What you will do: Any picture in the data below should be skipped, while every line is repeated exactly.

Collected material:
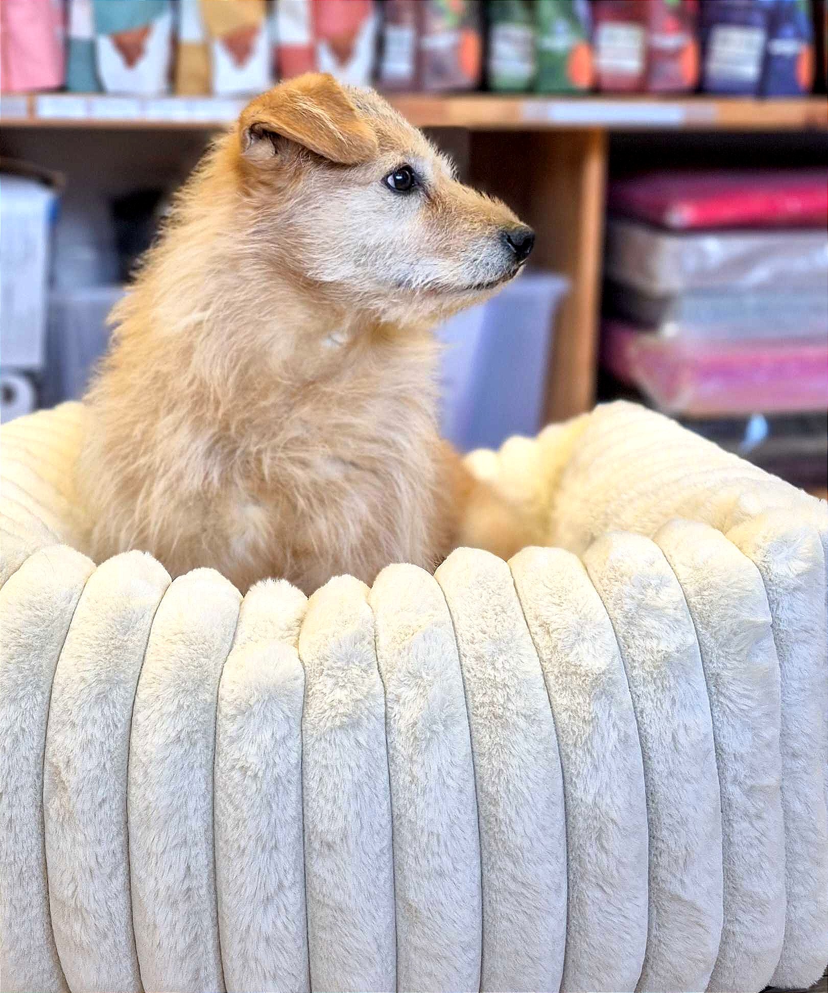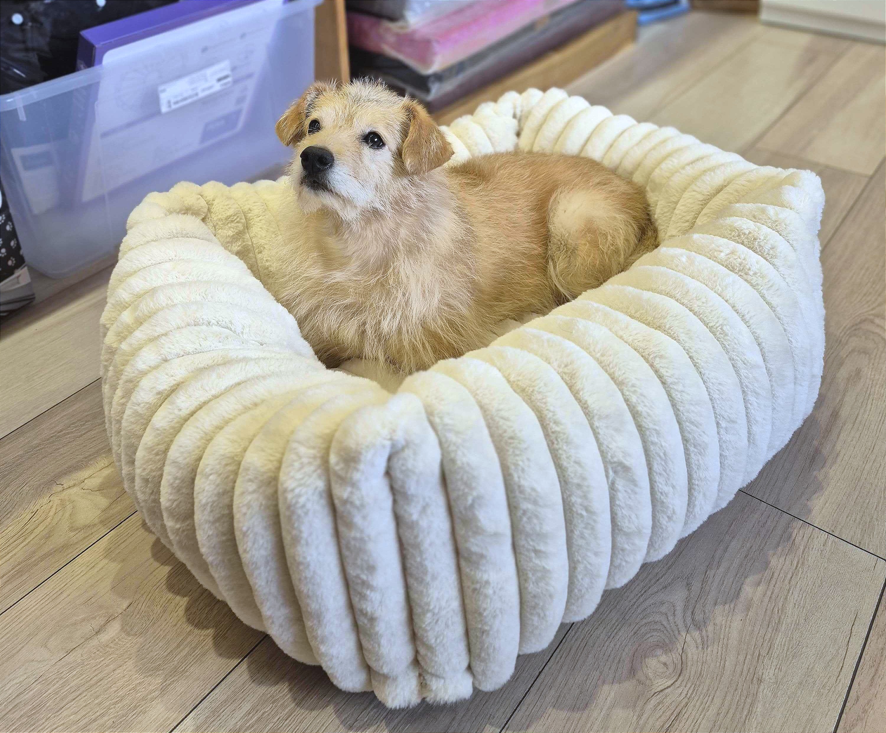 Subtelny, kremowy odcień oraz wyjątkowa, prążkowana struktura materiału sprawiają, że legowisko doskonale komponuje się z wnętrzami w stylu nowoczesnym, skandynawskim czy minimalistycznym. To nie tylko miejsce odpoczynku, ale również stylowy element aranżacji przestrzeni.
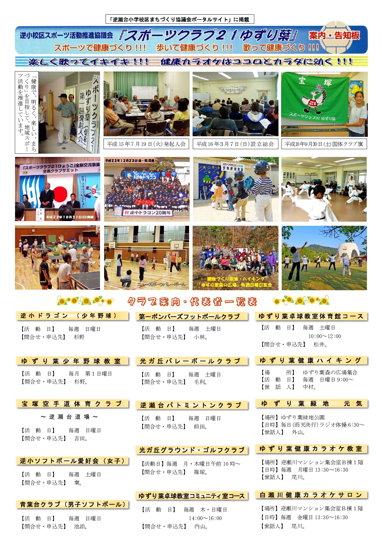 「スポーツクラブ21ゆずり葉」案内・告知版です
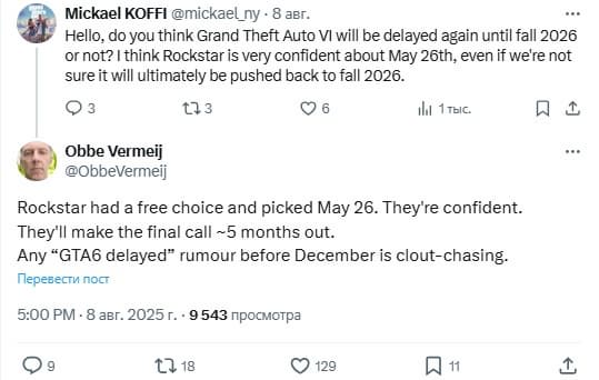 On X, he called the recent publications "attention-seeking" and emphasized that the choice of May 2026 was deliberate. According to him, the final decision will be made five months before release, and all rumors before December are just attempts to attract attention.

Answer to the problem:
 Subtelny, kremowy odcień oraz wyjątkowa, prążkowana struktura materiału sprawiają, że legowisko doskonale komponuje się z wnętrzami w stylu nowoczesnym, skandynawskim czy minimalistycznym. To nie tylko miejsce odpoczynku, ale również stylowy element aranżacji przestrzeni.
 「スポーツクラブ21ゆずり葉」案内・告知版です
 On X, he called the recent publications "attention-seeking" and emphasized that the choice of May 2026 was deliberate. According to him, the final decision will be made five months before release, and all rumors before December are just attempts to attract attention.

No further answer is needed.